Chief executive officers at a handful of property/casualty insurers are divided over whether the federal insurance backstop used to compensate companies if they fall victim to a terrorist attack will be renewed.
Failure to renew the law, known as the Terrorism Risk Insurance Act, could wipe out insurers flooded with claims stemming from an attack like the ones that occurred on Sept. 11, one executive warned.
"We are convinced that we will get TRIA extended but we're going to have to give up some things," said Edmund F. Kelly, chairman, president and CEO of Liberty Mutual Group.
Kelly also said he expected that the industry would have to give in to higher deductibles.
But others industry titans weren't so sure.
"I wish I could be optimistic about it, but I think the way things look right now the extension of TRIA is really very uncertain," said Warren W. Heck, chairman and CEO of the Greater New York Mutual Insurance Co.
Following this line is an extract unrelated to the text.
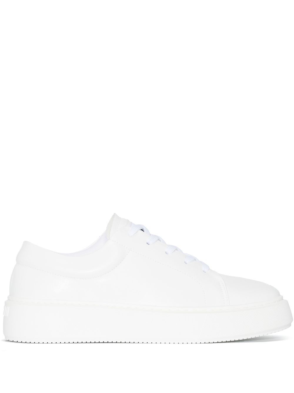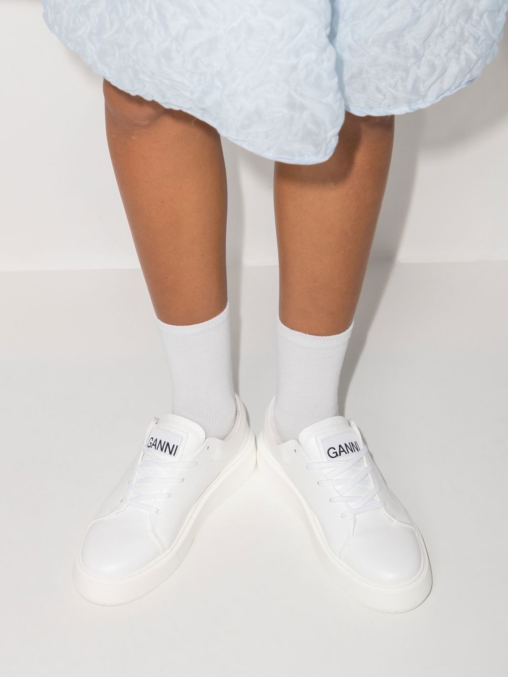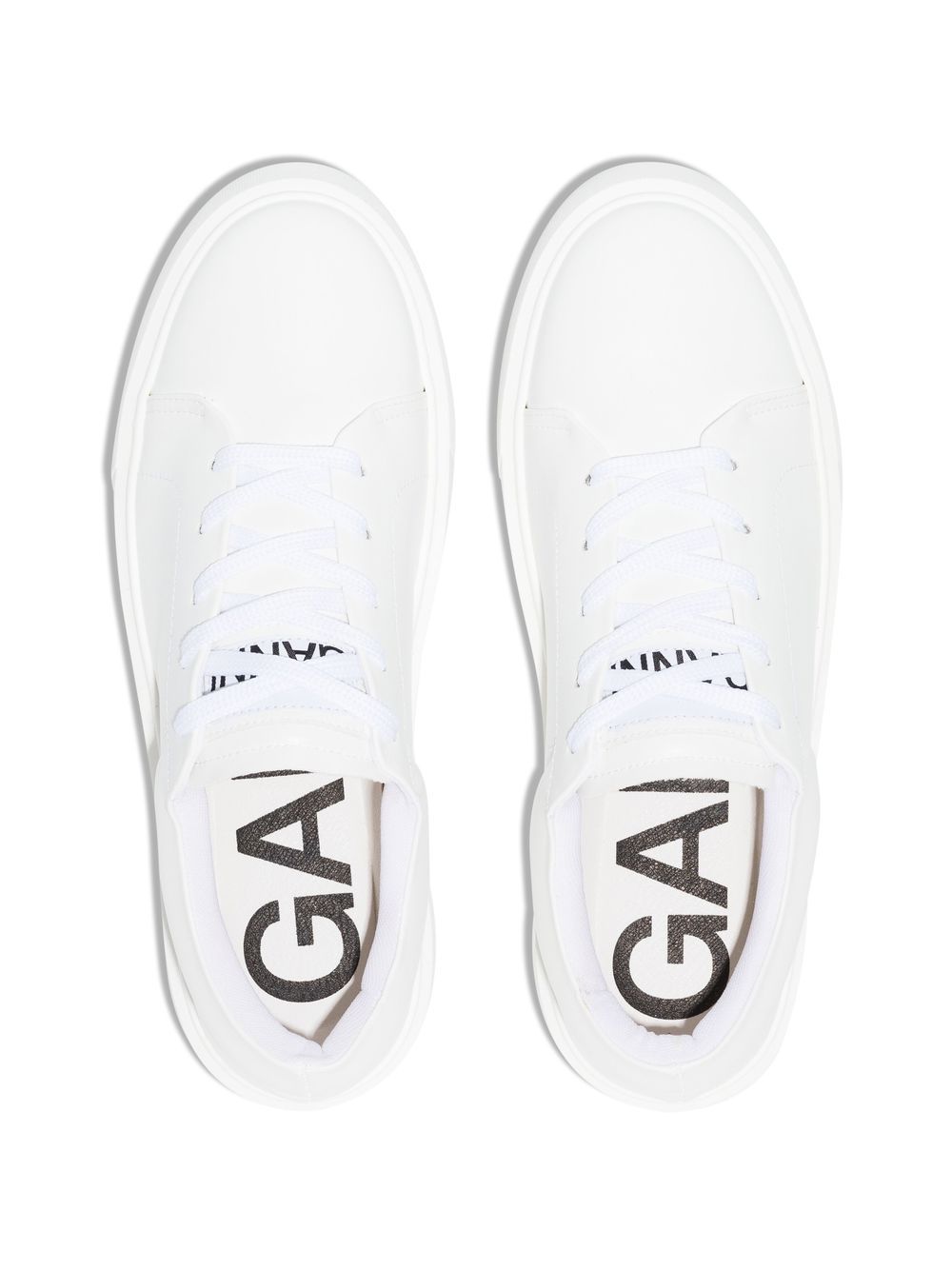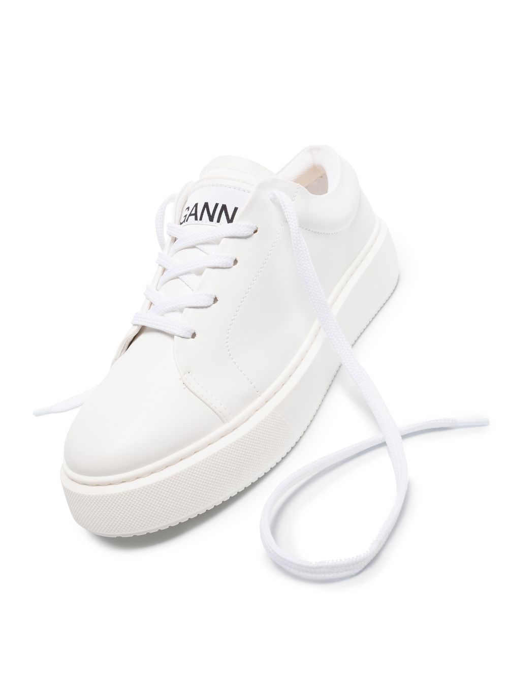 Logo-Patch low-top joggesko fra Ganni med hvit, logo-lapp på tungen, preget logo bak, logo-lappen til siden, rund tå, festing foran, merket innersåle og flat gummisåle.
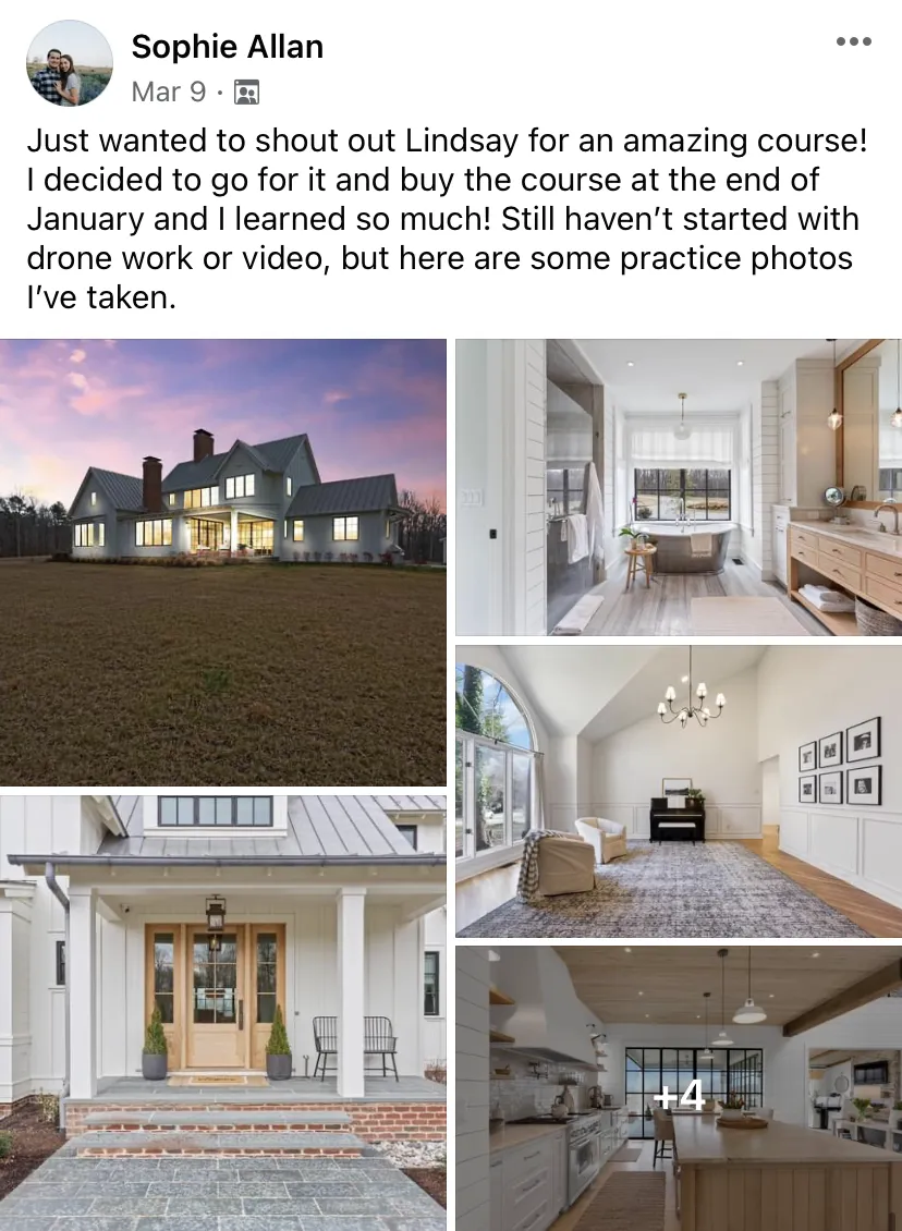 “I have loved learning about the ins and outs of real estate photography and Lindsay has done a great job explaining things so it's easy to understand. It's made me excited to start my own business!”

John P. Phelan, chairman and CEO of American Re-Insurance Co., said he expected some kind of deal to be struck because not doing so could go so far as to damage the U.S. economy.
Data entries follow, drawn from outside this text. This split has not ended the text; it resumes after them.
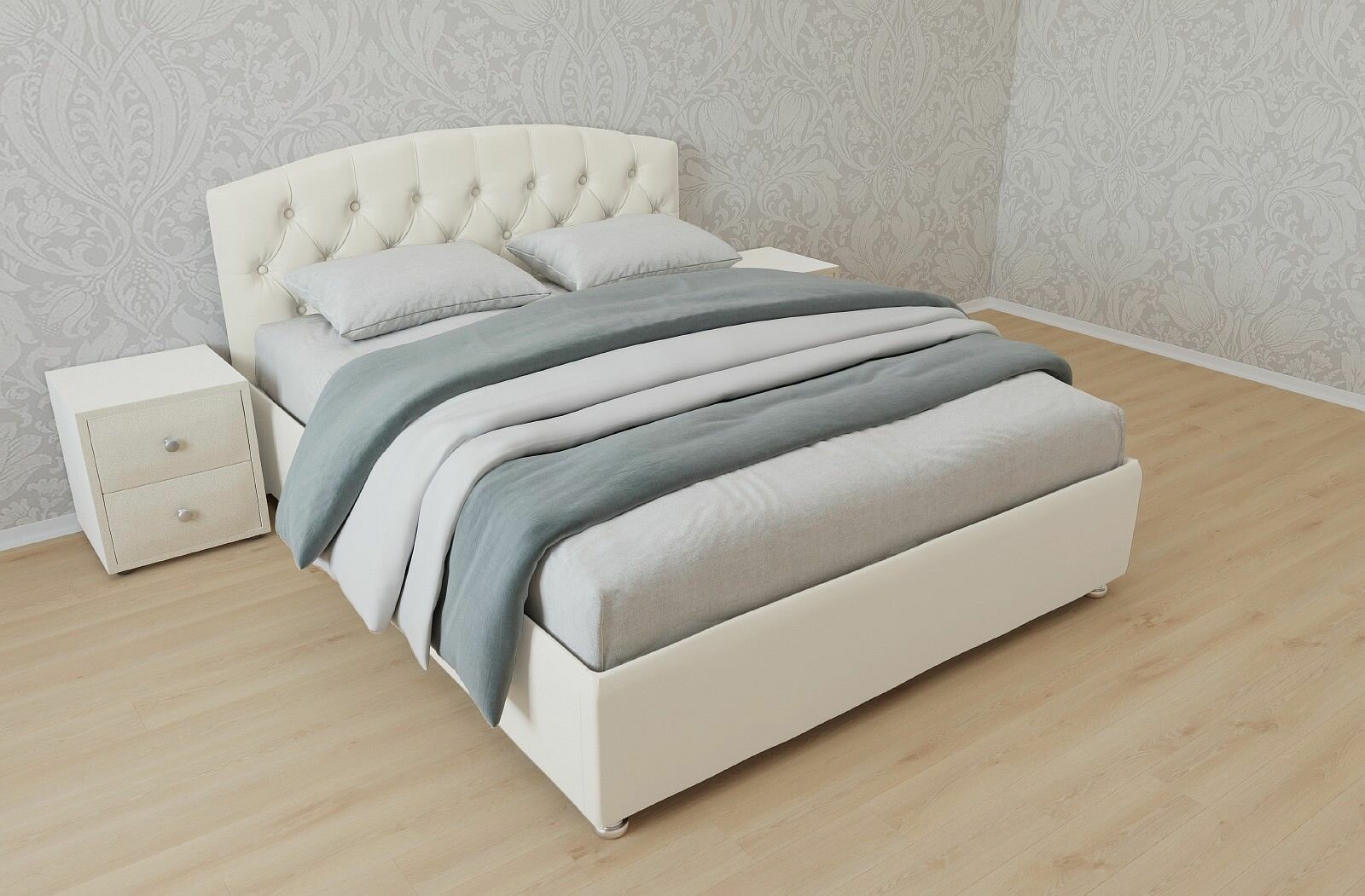 Двуспальная кровать Берлин 160x200 с подъемным механизмом и с коробом для белья велюр белый ножки 5 см
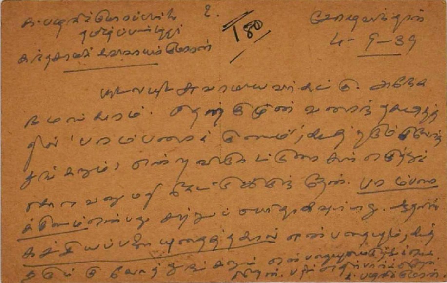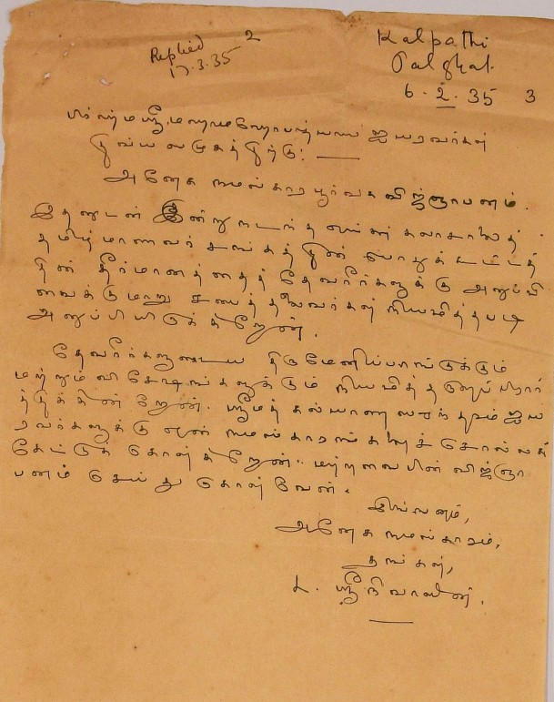 நன்றி மடல் : பாராட்டுச் சான்றுக்கு நன்றி கூறி மடல் ஆகஸ்டு 21, 1919
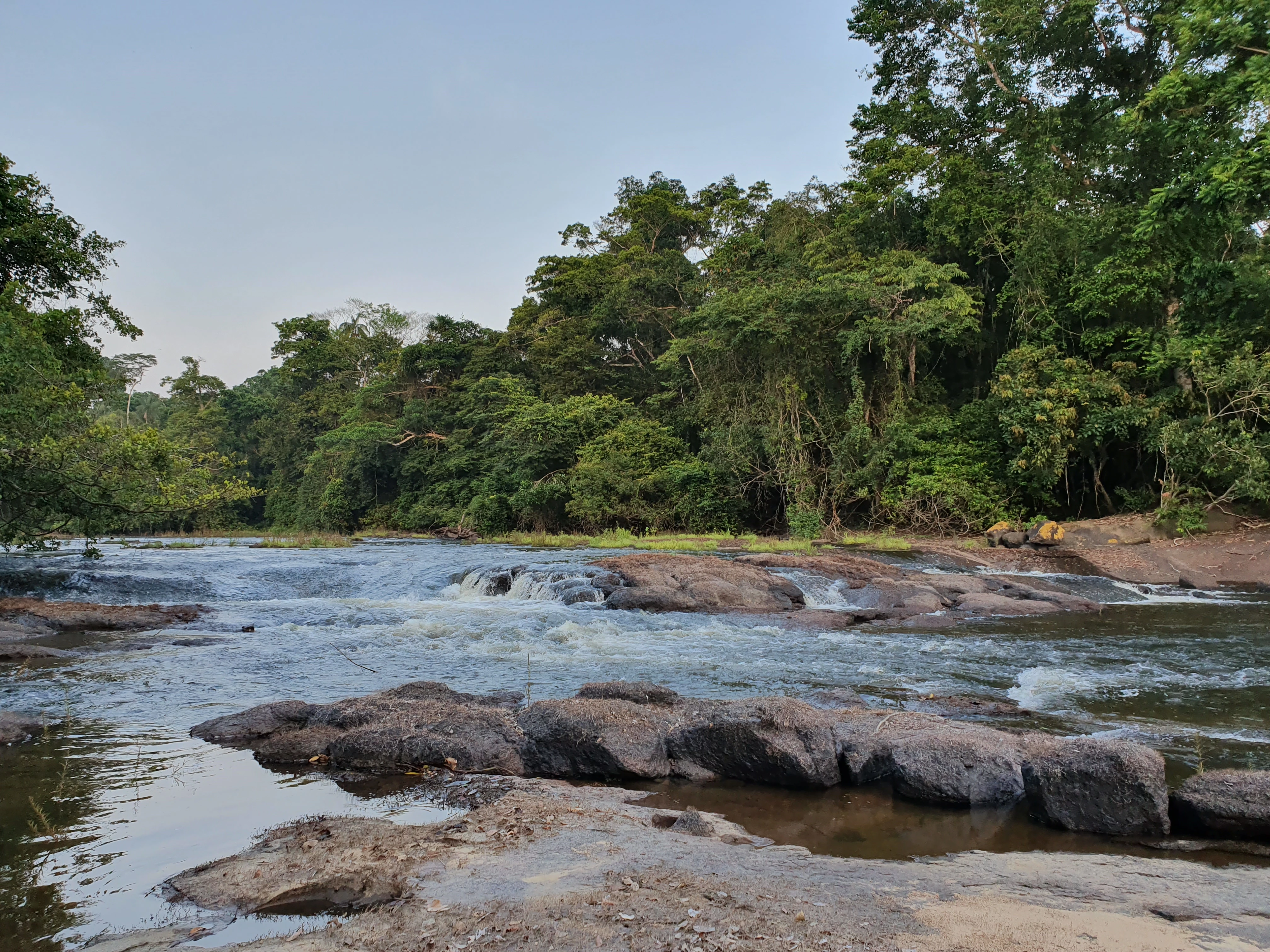De volgende ochtend om 5 uur, net voordat het licht wordt, lopen we met Djuup en Ivaneide naar de rivier naast het dorp: de levensader die hen voorziet van schoon drinkwater, vis en die ze gebruiken om per boot verder het gebied in te trekken om voedsel te verzamelen. We roeien in stilte naar een stroomversnelling om de zon op te zien komen. Een prachtig vredig moment.

"I think the real estate industry and other industries really need to begin to appreciate that there simply isn't enough capacity around and whatever ? there needs to be some government backstop at some point to provide sufficient capacity to finance economic recovery in the wake of a terrorist act."
Under enormous pressure from the real estate industry, Congress passed TRIA as a way to offer coverage following the attacks of Sept. 11.
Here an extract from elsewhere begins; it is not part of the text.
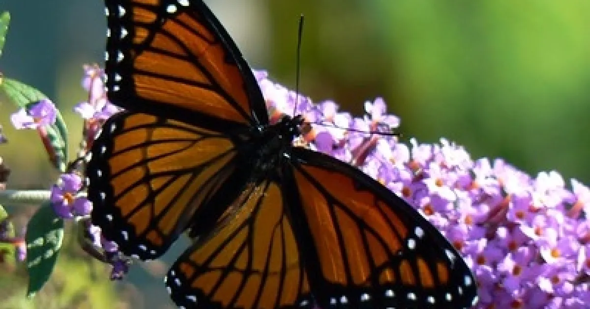 Back in Kansas from Mexico, Sara Dykman author of Bicycling with Butterflies, stops at her parents' home to get ready to continue her journey following the Monarchs. To avoid traffic, she rides on the back roads heading North to Omaha. While in Omaha, she talks to a third-grade class about the Monarchs and looks at the garden they have planted. While exploring the garden, they see a Monarch. As Ms Dykman continues her ride along the border of Iowa and Minnesota she spots a monarch- the first on a dandelion after several days into her trip. In the Twin Cities she sees an orange and black butterfly called a Viceroy (Limenitis archippus). This butterfly is a copycat butterfly that resembles the Monarchs. During her next stop, she spots about 24 Monarchs.
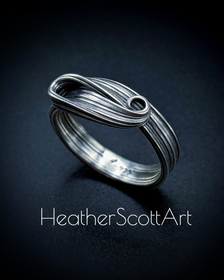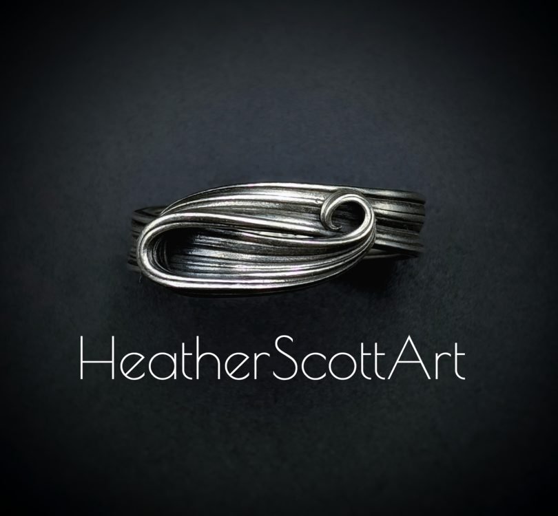This ring is handcrafted by Heather Scott using the Japanese technique of mitsuro. Known for its ability to produce fluid, organic textures, this process gives the ring its distinctive flowing linear texture and timeless aesthetic. Its minimalist yet striking design makes it perfect for any occasion, whether worn alone or with other favorites.

In subsequent years, however, very few businesses nationwide actually took out terrorism risk insurance policies. Those that did tended to operate in big cities like New York, Chicago, Los Angeles and Washington, D.C.
"I quite agree that we need a permanent solution but I don't think that we can have one without the government involved," added Heck. The men spoke at the Joint Industry Forum in New York in January.